Group reading is a common practice in guided reading. Students follow along with each other and remain on the same page of a book while each student reads one at a time in turn. The purpose of group reading is to teach reading skills. Students must be able to decode words and to read fluently.
During story time teachers typically read stories or books to a full class of students. Students are required to manage their behaviour and attention to the story.
Textbook reading involves the process of reading informational text and interpreting graphs and figures.
Expository reading refers to the process of reading informational text in order to learn more about a topic.
Narrative reading refers to the process of reading stories or novels.
Word reading is the ability to read individual words in isolation.
Reading fluency is the ability to recognize words and read them aloud quickly and with good expression.
Vocabulary is the understanding of word meanings. Understanding the meaning of words is applicable to reading, writing, math, and oral language. This can be defined as the number of words a person recognizes (breadth) as well as the level at which the person understands and uses them.
Decoding is the process of "sounding out" a word. Students must be able identify the letter sounds and to blend the sounds together.
Reading Comphrehension Activities
Reading comprehension is the ability to understand what one has read. It requires the ability to decode words, and to fluently read as well as strategies to make connections to what one has read.
Blackboard instruction typically involves a combination of oral presentation of information by a teacher in combination with visual displays. Blackboard instruction is typically presented to entire classes of students.

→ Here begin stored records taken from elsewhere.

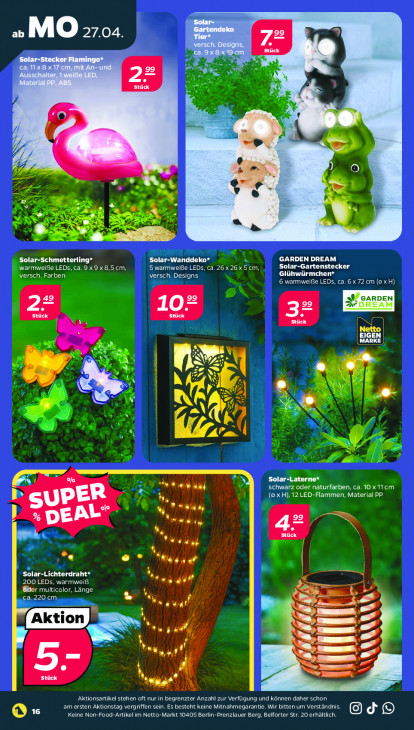 Bitte beachten Sie, dass dieser Text automatisch generiert wird und möglicherweise Fehler enthältEbi Gartendeko ab MO 27.04. Kiel | ca.9x8x19cm Solar-Stecker Flamingo* | D ca.nx8x 75, k R (7, 5 e\ x Bi Be eh: en AS 4 ke en S | 2 DS PE Solar-Schmetterling* Solar-Wanddeko* GARDEN DREAM warmweie LEDs, ca. 9 x 9 x 8,5 cm, 5 warmweiße LEDs, ca. 26x26x5 cm, Solar-Gartenstecker NÉE LCL MEt Glühwürmchen* 6 warmweiBe LEDs, ca. 6 x 72 cm (0 x H) 9 GARDEN Netto IARKE IGEN ES 6 ds NL ZA = e x 5 179, a + (7 WZ > & « NS: 4] R PU a on 2 7” Solar-Laterne* an al 1 EN schwarz oder naturfarben, ca. 10x 11cm (0x H), 12 LED-Flammen, Material PP u 2 FN: 4 Ma ar. LC it: (of Solar-Lichterdraht* 8 200 LEDs, warmweif brad 6er multicolor, Länge # a me ca. 220 cm hi 9 & x À <= Aj md NN 2 & ums, WR a le Zi Lig le: es zu B 4 ; À ‚Aktionsartikel stehen oft nur in begrenzter Anzahl zur Verfügung und können daher schon am ersten Aktionstag vergriffen sein. Es besteht keine Mitnahmegarantie. Wir bitten um Verständnis. d © © Keine Non-Food-Artikel im Netto-Markt 10405 Berlin-Prenzlauer Berg, Belforter Str. 20 erhältlich.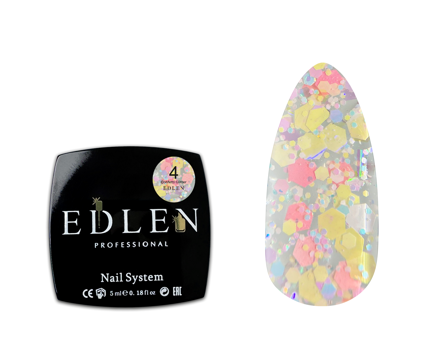 Confetti Glitter від EDLEN — колекція гліттерних гель-лаків, які чудово урізноманітнять будь-який манікюр. Створені з поєднать різних блискіток та їхніх форм, а при потраплянні світла дуже красиво переливаються. Ці гель-лаки чудово підійдуть для створення різних дизайнів та об'ємних елементів. Також, у колекції є нейтральні відтінки для поціновувачів нюдового покриття з легкою родзинкою.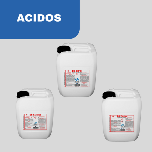 Detergentes ácidos para quitar sales calcáreas en las diferentes superficies equipos, lavados CIP (Clean In Place) para decapados, DS-Sarriret, DS-CIP II, etc.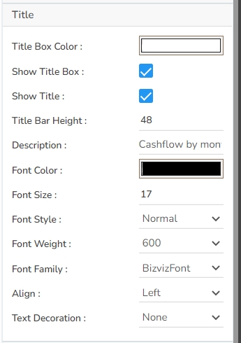 The user can get the reflection of the chart by enabling the shadow option can also change the color and increase & decrease the transparency of the shadow. The user can also change the background color, adjust its transparency as well as enable a border and change its color.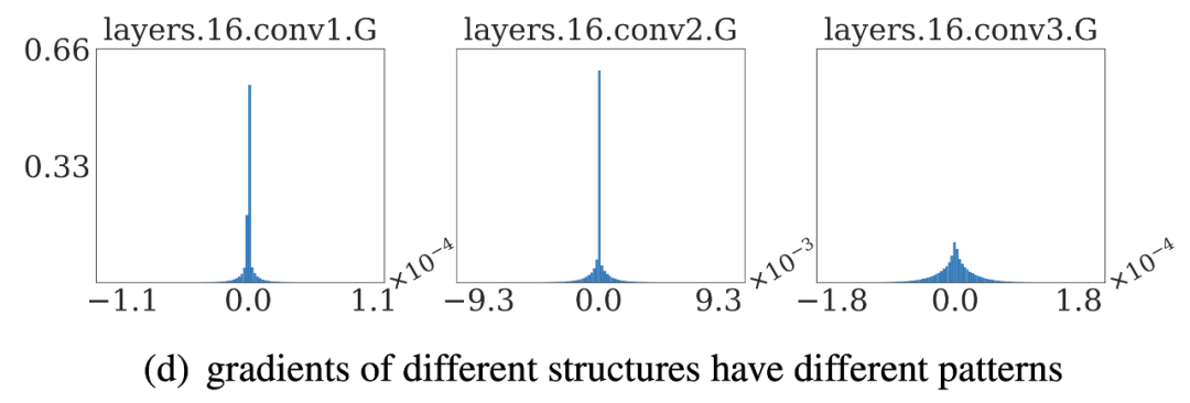 从图(d)中可以看出卷积的结构也会影响梯度分布,对于MobileNetV2模型来说,conv2为depthwise卷积其相比conv1和conv3具有更加尖锐的分布。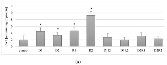 In cells incubated with donepezil, a statistically significant increase in CAT activity was observed compared to the control for both concentrations used (respectively: for 20 ng/mL (D1) by about 188% (p = 0.04), for 100 ng/mL (D2) by ca. 70% (p = 0.04)). Similar relationships were observed for rivastigmine: at 5 ng/mL (R1) an increase of about 136% (p = 0.04) and at 25 ng/mL (R2) by 367% (p = 0.04) compared to the control (Figure 3A).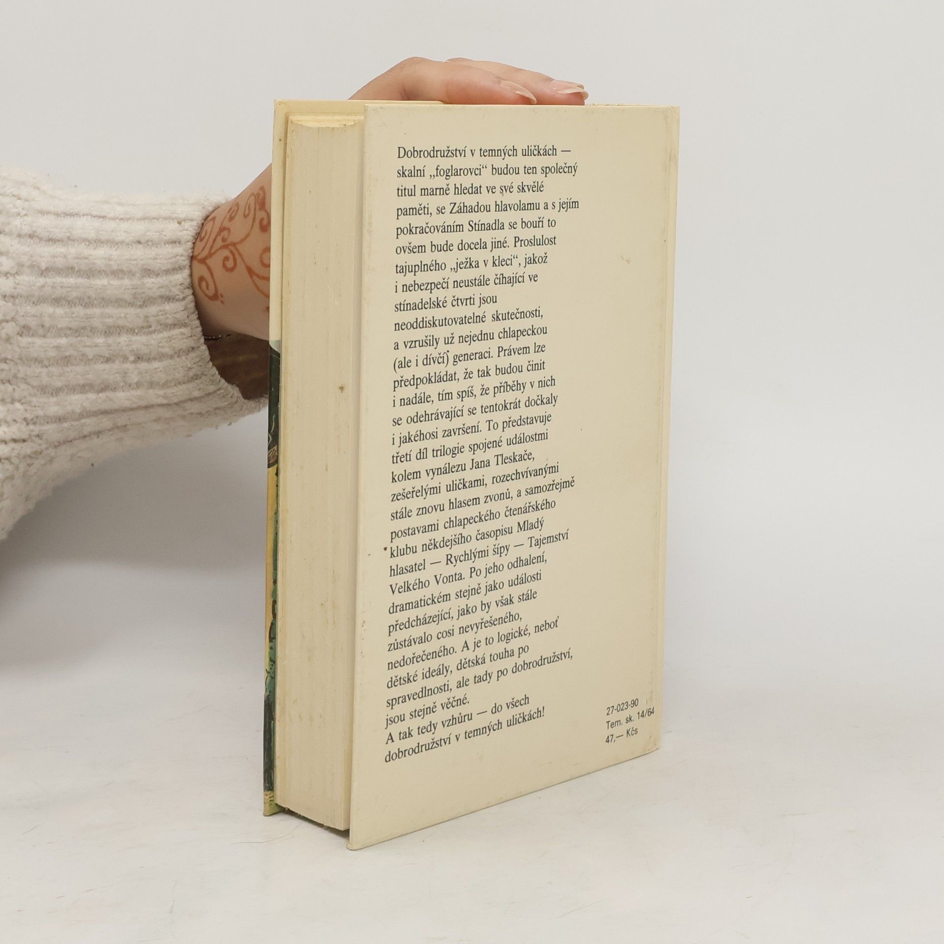 Dobrodružství v temných uličkách - skalní "foglarovci" budou ten společný titul marně hledat ve své skvělé paměti, se Záhadou hlavolamu a s jejím pokračováním Stínadla se bouří to ovšem bude docela jiné. Proslulost tajuplného "ježka v kleci", jakož i nebezpečí neustále číhající ve stínadelské čtvrti jsou neoddiskutovatelné skutečnosti, a vzrušily už nejednu chlapeckou (ale i dívčí) generaci. Právem lze předpokládat, že tak budou činit i nadále, tím spíš, že příběhy v nich se odehrávající se tentokrát dočkaly i jakéhosi završení.To představuje třetí díl trilogie spojené událostmi kolem vynálezu Jana Tleskače, zešeřelými uličkami, rozechvívanými stále znovu hlasem zvonů, a samozřejmě postavami chlapeckého čtenářského klubu někdejšího časopisu Mladý hlasatel - Rychlými šípy - Tajemství Velkého Vonta. Po jeho odhalení, dramatickém stejně jako události předcházející, jako by však stále zůstávalo cosi nevyřešeného, nedořečeného. A je to logické, neboť dětské ideály, dětská touha po spravedlnosti, ale tady po dobrodružství, jsou stejně věčné. A tak tedy vzhůru - do vše dobrodružství v temných uličkách! 1/ Záhada hlavolamu 2/ Stínadla se bouří 3/ Tajemství Velké Vonta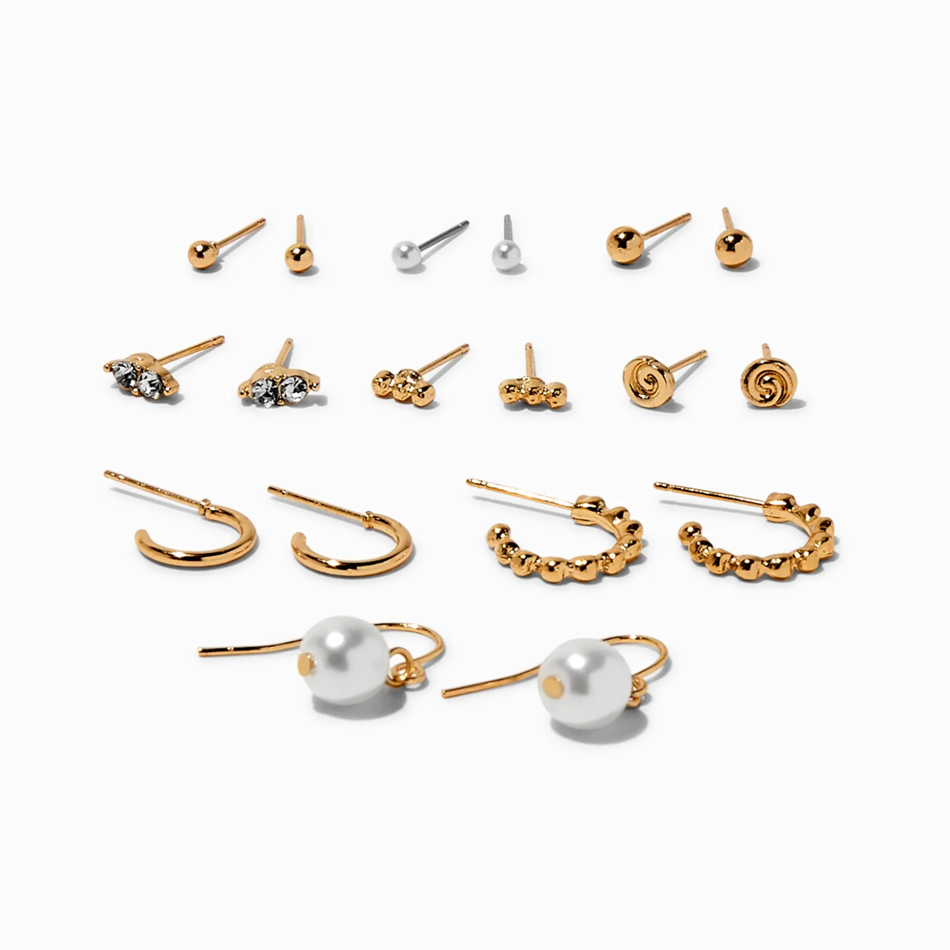 Ce lot de boucles d’oreilles fera de tous tes rêves de bijoux une réalité ! Avec une variété de designs différents, dont des clous variés, de petites créoles et des pendantes, toutes les combinaisons sont possibles. Les options comprennent des perles d’imitation, des tourbillons, et bien plus !

Carpet time is common in the younger elementary grades. It requires students to sit still and to focus on the instruction being provided by their teacher.
Lecturing typically invovles a teacher presenting information to a class orally. Students must listen to and comprehend the information that is being presented, and are often required to take notes.
Cooperative learning is taking place any time students are working together on a project or other task. It requires oral communication and the ability to get along with others.
Paper and Pencil Work
Paper and pencil tasks require students to be able to use a writing instrument (fine motor skills), to be able to read the worksheet that they must complete, and to have written expression skills.
Description of field
Executive Functioning, or EF, is the ability to make plans, organize, self monitor, and reflect on errors. While there are no current techs for EF, the broad skill "Organization" is a good place to support children with EF difficulties.
Alertness is the subset of attention that includes system arousal and the capacity to notice information
Orienting is the specific aspect of attention related to staying focused on a target, discernment, and avoiding distractions.
Attention is the broad range ability to sustain concentration on a task.
Metacognition is the awareness of one’s own actions and thoughts; the ability to imagine one’s self from the outside perspective in.
The technologies provide alternative or augmentative forms of communication for individuals who have challenges with speech.
These technologies can assist individuals with gathering background information for comprehension.
Word problems present information students must use to find the solution as written text. Word problems are complex to master and involve a number of academic and cognitive skills, including reading, numerical operations and applications, organization, and memory skills, among others. The National Council of Teachers of Mathematics has identified problem solving as one of the five process standards that are necessary for students to master because without problem solving, students only learn how to compute, rather than why and when to use these computational mathematics skills (Browder et al., 2017). Students with Learning Disabilities often struggle the most with word problems.
Organization and Graphomotor
Graphomotor skills refer to the broad combination of skills that make up the process of putting ideas into written text
Numeric Operation and Fluency
Numeric Operations are core mathematics skills, which include the ability to compute the solutions to a variety of problems including addition, subtraction, multiplication and division.
Self-management refers to ways to organize and remember important information related to an individual’s own, personal information.
Time management refers to ways to schedule such that the individual has some way of reminding themselves for activity transitions, recording time spent, and or staying on task.
Material management refers to ways to organize documents for later access or assignments on which and individual is working.
Information management refers to ways to organize and remember important information.
Assistive technologies exist to help individuals with limited vision or complete vision loss to read text. While users may rely mainly on one of the available assistive technology, many users report using a combination of the available assistive technologies depending on the length, organization, and context of the text file that they are required to read (D'Andrea, 2012).
Hearing is the ability to perceive sounds. Individuals’ verbal and social development are hindered by even mild hearing impairments (Jesitus, 2014), therefore it is important to assess for and accommodate for hearing impairment using assistive technologies as early as possible.
Typing is utilizing a keyboard system to input information. Consultation with an Occupational Therapist is advised.
Graphomotor skills refer to the broad combination of skills that make up the process of putting ideas into written text (e.g., handwriting). Consultation with an Occupational Therapist is advised.
Mobility refers to the ability to physically interact in the world. Consultation with an Occupational Therapist is advised.
These devices can assist individuals who need assistance inputting information into a computer due to challenges with whole-body coordination. Consultation with an Occupational Therapist is advised.